To be honest, the main reason I avoid relationships is because no normal woman would understand what I do. Who I am. She’d try to change me. Or else end up leaving me. So I just save them the trouble by leaving first.
I never was good at making commitments.
More than once, things have started to get complicated and I’ve had to make a list of Starbucks and Peet’s that I can’t patronize anymore. I even swore off baristas after the fiasco at the Peet’s on Fillmore, but some habits are harder to break than others.
I watch the brunette with the Celtic-knot tattoo return to her post behind the counter, where she continues to glance my way, then I pocket the napkin she gave me without any intention of calling the number on it. But when it comes to baristas, my intentions are about as dependable as an incontinent bladder.
On my way out the door, I bump into Mandy.
“Hey,” I say.
“Hey,” she says back.
We stand there, me half leaving and her half coming, the two of us half blocking the entrance to Starbucks, half staring at each other, neither of us saying anything.

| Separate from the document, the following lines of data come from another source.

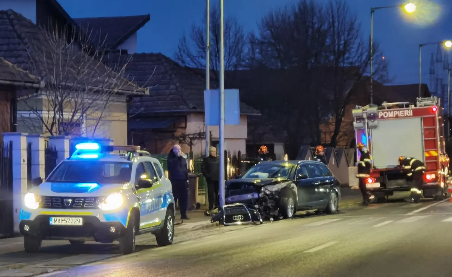 Accident în Florești, județul Cluj: Un Audi a ajuns într-un stâlp, pe trecerea de pietoni. „Noroc că la ora aia nu traversa nimeni”
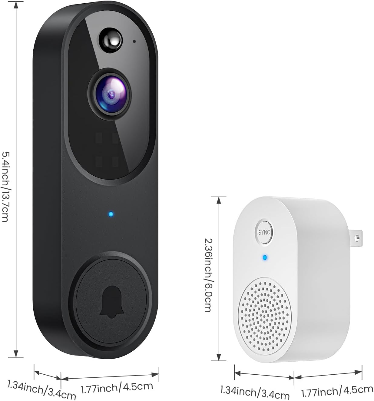 Wireless Wi-Fi Video Doorbell Camera with AI Motion Detection, 2 Way Audio, Night Vision, Cloud Storage, 2.4GHz Wi-Fi Only, Battery Powered
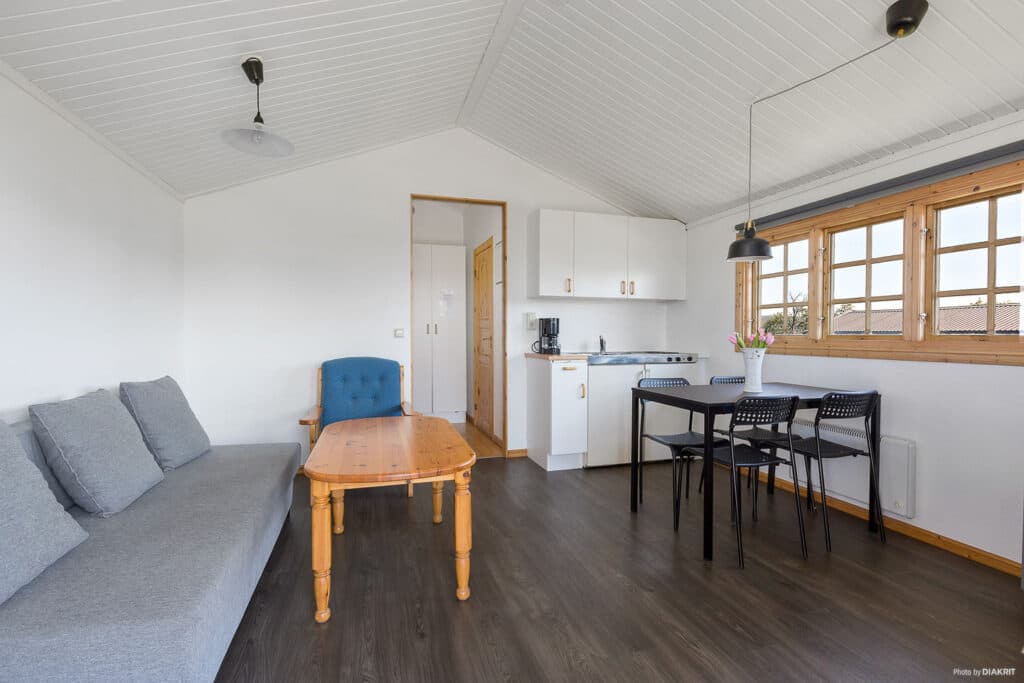 Det er en af vores større hytter på destinationen. Nora-hytten Plus er en hyggelig hytte, som med sine 26 kvm rummer fire sengepladser fordelt på to værelser. Sengepladserne er fordelt på en køjeseng og en sovesofa med plads to personer. Nora-hytten Plus har badeværelse med brusebad og toilet. Der er også et køkken med komfur, køleskab, fryser og kaffemaskine. Uden for døren er der en dejlig terrasse, hvor du kan nyde morgenkaffen og gode måltider med dine kære. Nyd fantastisk indkvartering i smukke og fredelige omgivelser.
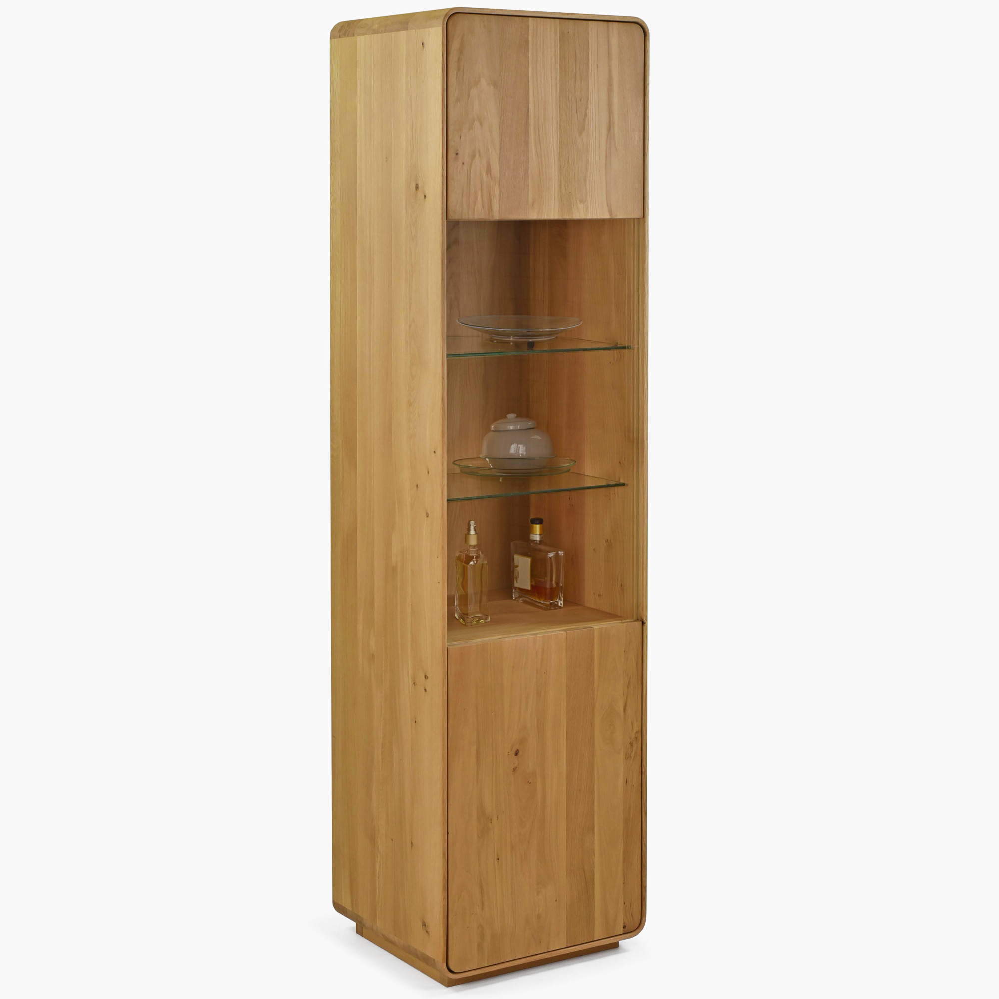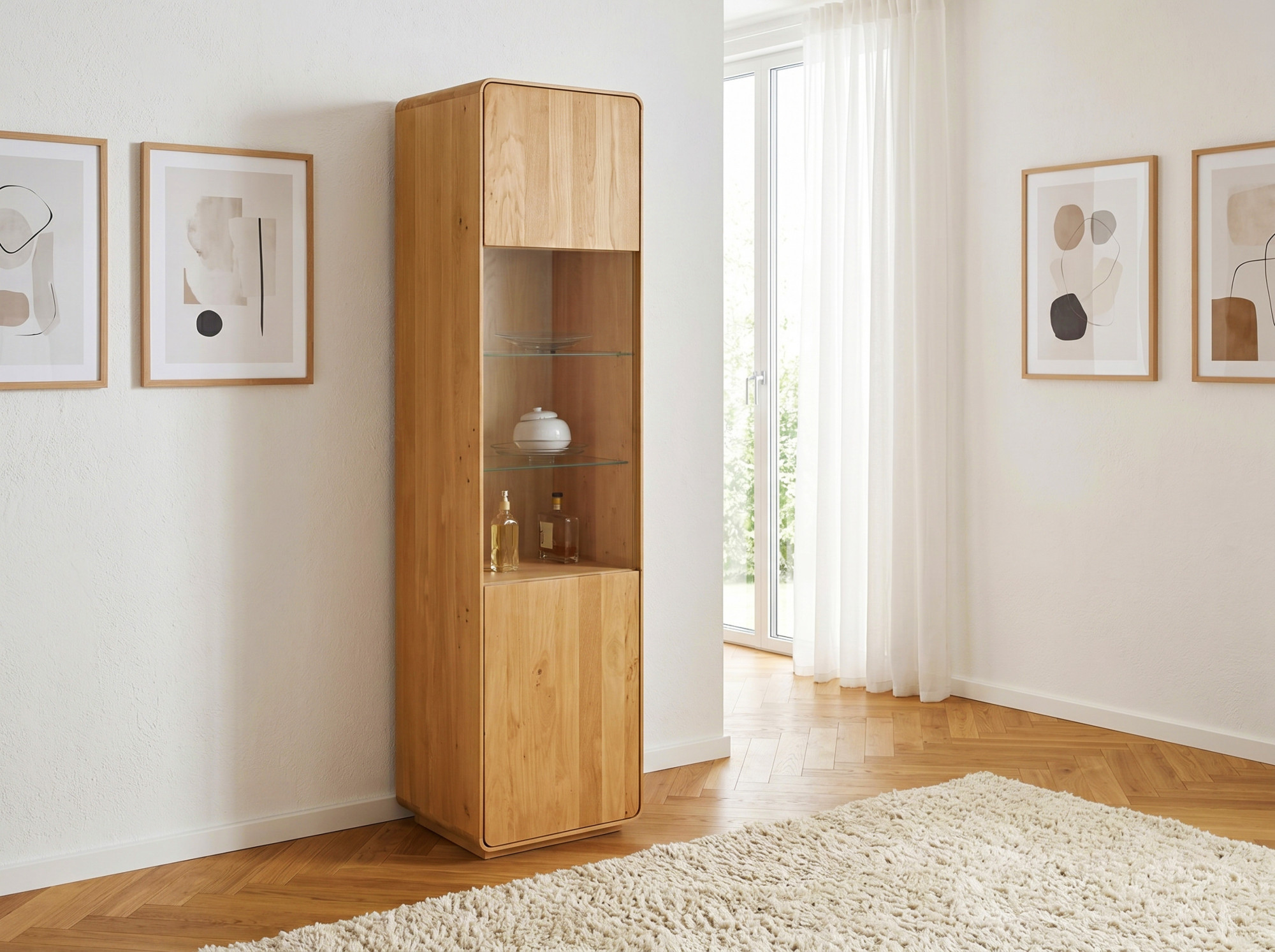 Massive Eichen-Vitrine Avalon 200 cm hoch mit Glas in Eiche Natur

I never was good with awkward moments.
I watch her face, waiting for her to say something, to give me a cue to play off of. But she just looks at me with that expression of disapproval, as if I’m perpetually disappointing her.
“How are the girls?” I finally ask.
“They have names, you know.”
“Right.” I never was good with names. “So how are they?”
“Fine. You missed their birthdays again.”
I never was good with birthdays, either. Or anniversaries. Or holidays. I even forgot it was Christmas one year.
We stand and stare some more without making eye contact. It’s not easy to do, but we’ve had lots of time to practice.
“And your husband,” I say. “What’s his name?”
“Ted. His name is Ted. And he’s fine. We’re all fine.”
I just nod, trying to ignore the rising color in Mandy’s cheeks, wondering if she’s going to ask how I’m doing. If I’m still poaching. Though it’s more likely she’d rather not know.
“You still up to your old tricks?” she asks.
“A little here and there.”
Mandy nods, her lips pursed. I can tell by her expression that she wants to ask me if I’m ever going to grow up, but she won’t. Not here. Not in public.
Mandy never did like to mak
e a scene.
Several customers come and go, squeezing past us as we continue to half block the entrance.
“I should be going,” she says.
“Sure. It was good to see you.”
She doesn’t reciprocate and we don’t hug. Instead, I just step to the side and let her walk past me into Starbucks. Unlike the barista, she doesn’t look back as the door closes shut behind her.
With a container of medium-grade good luck and ten thousand dollars in my backpack, I figure it’s a good idea for me to leave the money someplace safe before I head back downtown to my office. While my apartment isn’t necessarily the safest place, considering I live across from a motel for ex-cons and drug addicts, it’s closer than my office and more practical than the bank.
Before heading straight to my place, I walk up Laguna to the Green Street Market to pick up a roll of Mentos. There are other markets and corner stores that I could hit up on my way home, but I’ve been going to the Green Street Market ever since I happened upon it more than two years ago. And like my Lucky Charms and my Starbucks cappuccinos, I’m a creature of habit.
When I walk into the store, an older guy in a suit is down at the end of the counter, talking on his cell phone. Sam, the proprietor, is standing behind the counter wearing a black, short-sleeve silk shirt and an unfamiliar expression. His smile seems strained, his eyes unnaturally fixed on me, like he’s trying not to look anywhere else. Even though the weather is typical San Francisco summer foggy, Sam’s suntanned chrome dome is shiny with perspiration.
“’Morning, Sam,” I say.
At first Sam doesn’t say anything. Just keeps staring at me with that odd expression, like he knows me but he’s pretending not to. Then he says, with too much formality, “Good morning.”